I like the "Archbishop claims introduction of Sod’s Law is inevitable". I thought is had been law for centuries


----------



## Smudger (12 May 2008)

Try the Isle of Wight News section...


----------



## chippy1970 (12 May 2008)

I visited one of the Grand designs houses to look at some work, "Cloud Eight" the one with the gull wing roof that went wrong and was in two episodes.

Tom Perry the owner was being sued at the time by one of the production team of Grand designs who injured themselves on his site so it looks like its a real pain in the A**E having them filming on your site.

Also has anyone else noticed that most of the "NEW" series :lol: is actually repeats titled revisited. They must be running out of new houses to film.


----------



## CNC Paul (18 May 2008)

Just an update on the "House that Kevin Built". After the show was over the Production team had not decided what to do with the house .....all £160K worth, so it was demolished and thrown into skips.

Is that what reducing a carbon footprint is ?

I think the Production team need their A*se kicked.




Paul


----------



## kafkaian (19 May 2008)

CNC Paul":29ghdcvz said:


> Just an update on the "House that Kevin Built". After the show was over the Production team had not decided what to do with the house .....all £160K worth, so it was demolished and thrown into skips.
> 
> Is that what reducing a carbon footprint is ?
> 
> ...



Well they could've raffled it amongst worthy first time buyers or the disadvantaged for heaven's sake. Most disappointing


----------



## mr (19 May 2008)

CNC Paul":8d8putnr said:


> Just an update on the "House that Kevin Built". After the show was over the Production team had not decided what to do with the house .....all £160K worth, so it was demolished and thrown into skips.
> 
> Is that what reducing a carbon footprint is ?
> 
> ...



Where does that info come from? As of the 5th of this month the thing was supposed to be being moved to the BRE Innovation Park as an exhibition piece. 

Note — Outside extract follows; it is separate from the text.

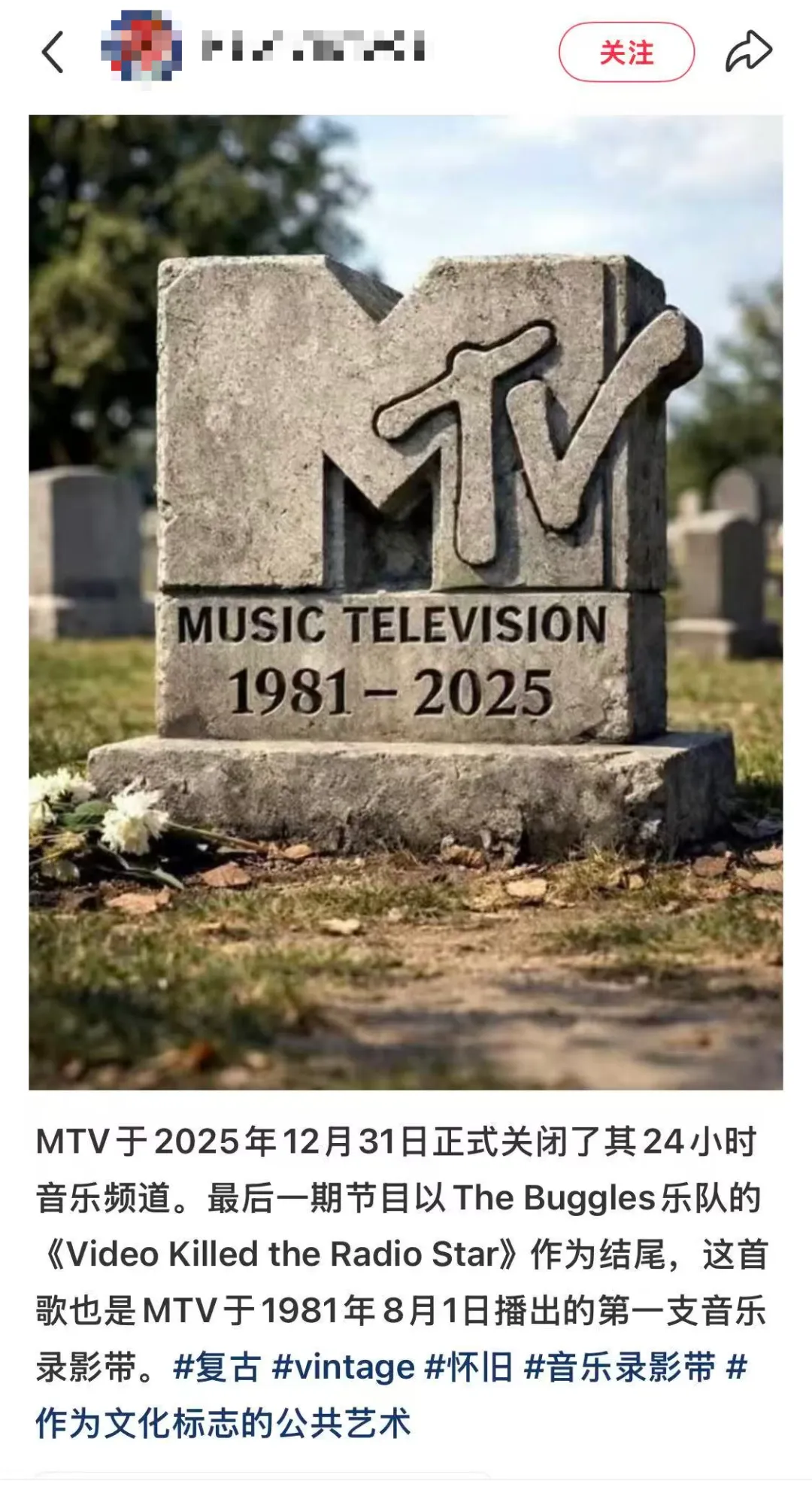 跨入2026年,MTV旗下现存的24小时音乐频道迎来全球停播,这意味着世界绝大多数国家和地区的观众已无法通过电视收看MTV的多个调频,包括曾被视为“全球文化现象”的MTV Music。
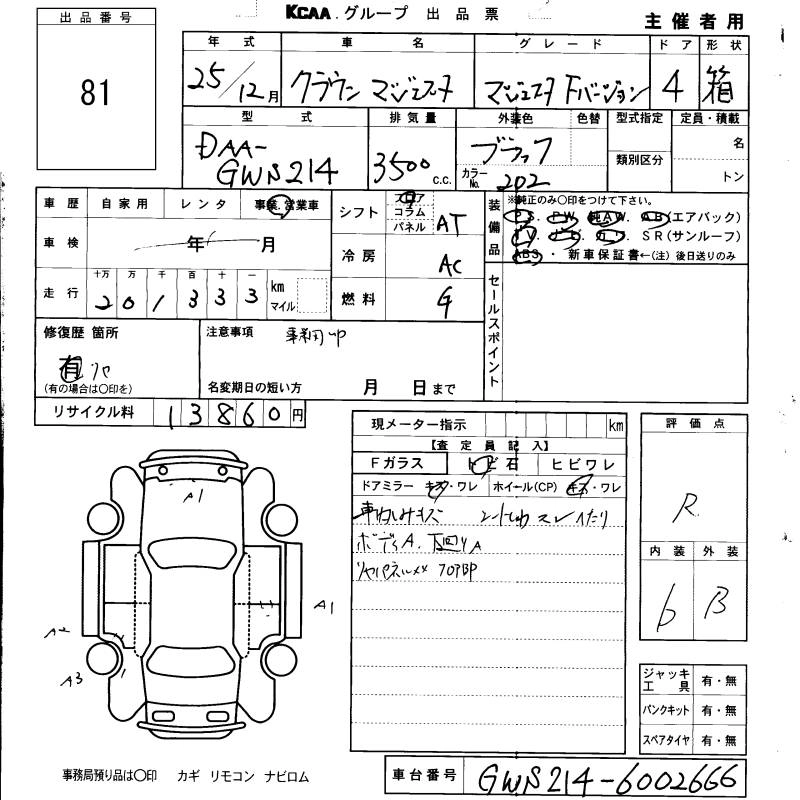 | F VERSION | DAA-GWS214 | 2GR-FXE | FR | CVT | 3456cc | 292ps(215kW)/6000rpm | AИ-95 | 6 700 000 | |

http://www.bre.co.uk/newsdetails.jsp?id=479


Cheers Mike


----------



## TrimTheKing (19 May 2008)

Hmmm, it says it's being 'reconstructed', does that mean they are moving it, or building another one in the park? That would be particularly green of them if that's the case...! :wink: 

Mark


----------



## mr (19 May 2008)

I take it mean that it's being moved and reconstructed. 

Cheers Mike


----------



## andy brookes (19 May 2008)

160K !!!!! We went to the grand designs show and walked round the house. If that thing cost 160K, I would eat a hat! It was bearly a shell of a building with maybe 2 bedrooms at a push. When it was shown on TV it looked like a huge team were working on it. If I had paid that huge team to build a house within a week for 160k I would have expected one 3 times the size and a far better finish!!!


----------



## CNC Paul (19 May 2008)

The information came from someone that works at Excel.


----------